C program to left rotate an array – In this article, we will brief in on the various means to left rotate an array in C programming.
Suitable examples and sample programs have also been added so that you can understand the whole thing very clearly. The compiler has also been added with which you can execute it yourself.
The means used in this piece are as follows:
- Using Standard Method
- Using Function
An array, as we all know, is a sequential order of a bunch of elements in a horizontal fashion. These elements’ position is denoted by specific entities known as pointers. Arrays are one of the most essential parts of C programming.
As in the example given above, firstly, we have to enter the size of the array.
In this case, the size of the array specified is 5.
Then we have to enter the elements in the array.

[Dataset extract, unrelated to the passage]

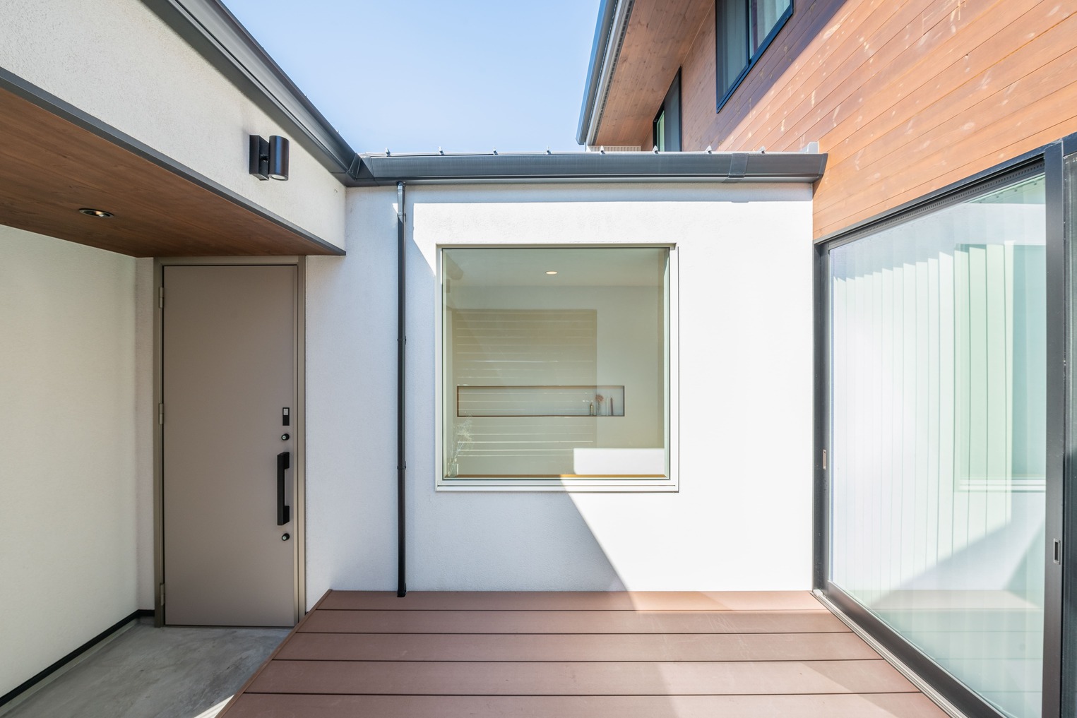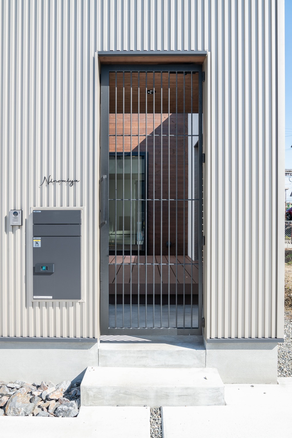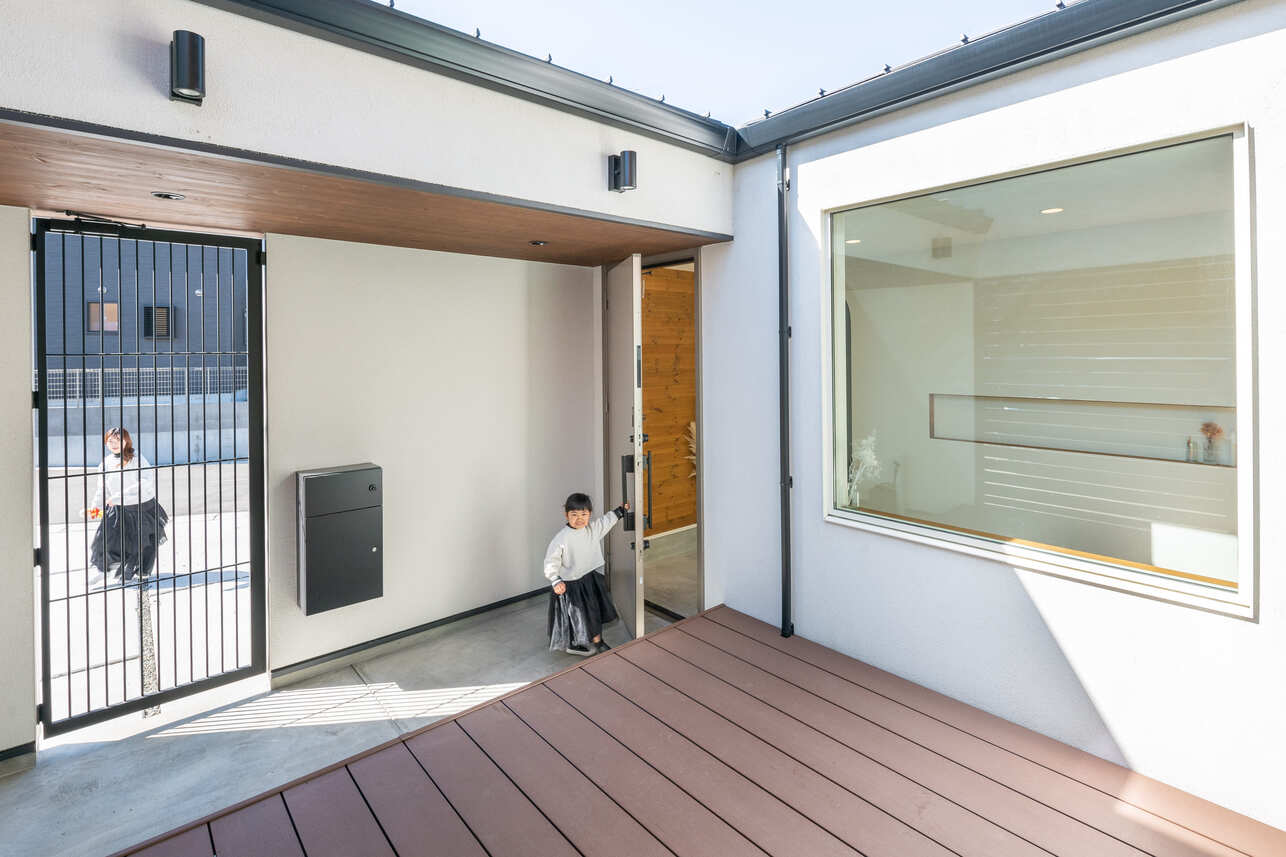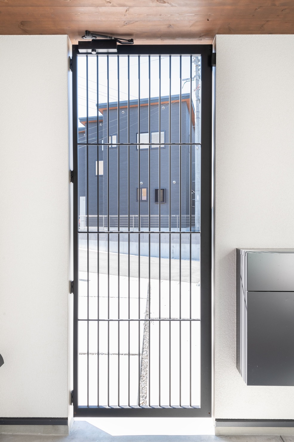「玄関アプローチ」と「中庭」を一体化させ、アイアン門扉を設けプライバシーを確保した空間に。
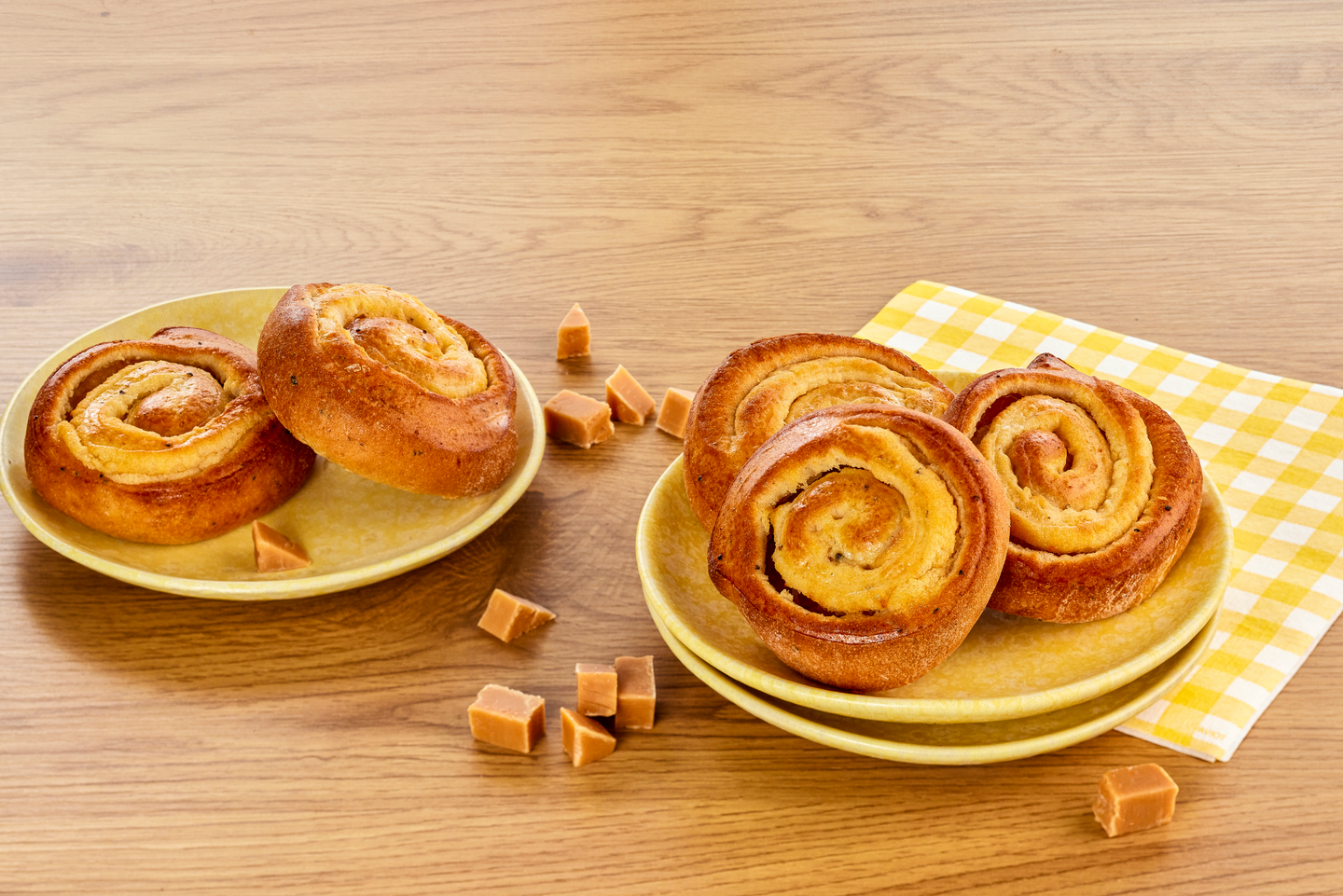 Tuttu maku sekä Pullavan mehevyys ja tuoreustuntu! Pullakierteiden sisään on leivottu herkullinen yhdistelmä täyteläistä toffeeta ja vaniljarahkaa. Kotiuunista arkisiin herkkuhetkiin ja vierasvaraksi.

The elements here are as follows:
1 2 3 4 5
Later, we have to specify the number of times we have to left rotate. The number cannot be greater than the number of elements.
Thus, by rotating the array 4 times, we get the new array:
5 1 2 3 4
Hence, doing the same in C programming is as follows:
Using Standard Method
- Store the array size into the variable n.
2) Read the entered array and store the elements in the array a[].
3) Read the k value, which represents how many numbers of times left rotate the given array.
4) Rotate the array to left for k times as follows, for loop iterates from i=0 to i<k
a) Assign starting element to temp.
b) Inner for loop iterates from j=0 to j<n-1
move a[j+1] to a[j].Repeat until j<n-1.
c) Assign temp to a[n-1]. Here we are assigning the first element to the last index.
Repeat these three steps until i<k.
5) After all iterations of i, print the array which is left rotated.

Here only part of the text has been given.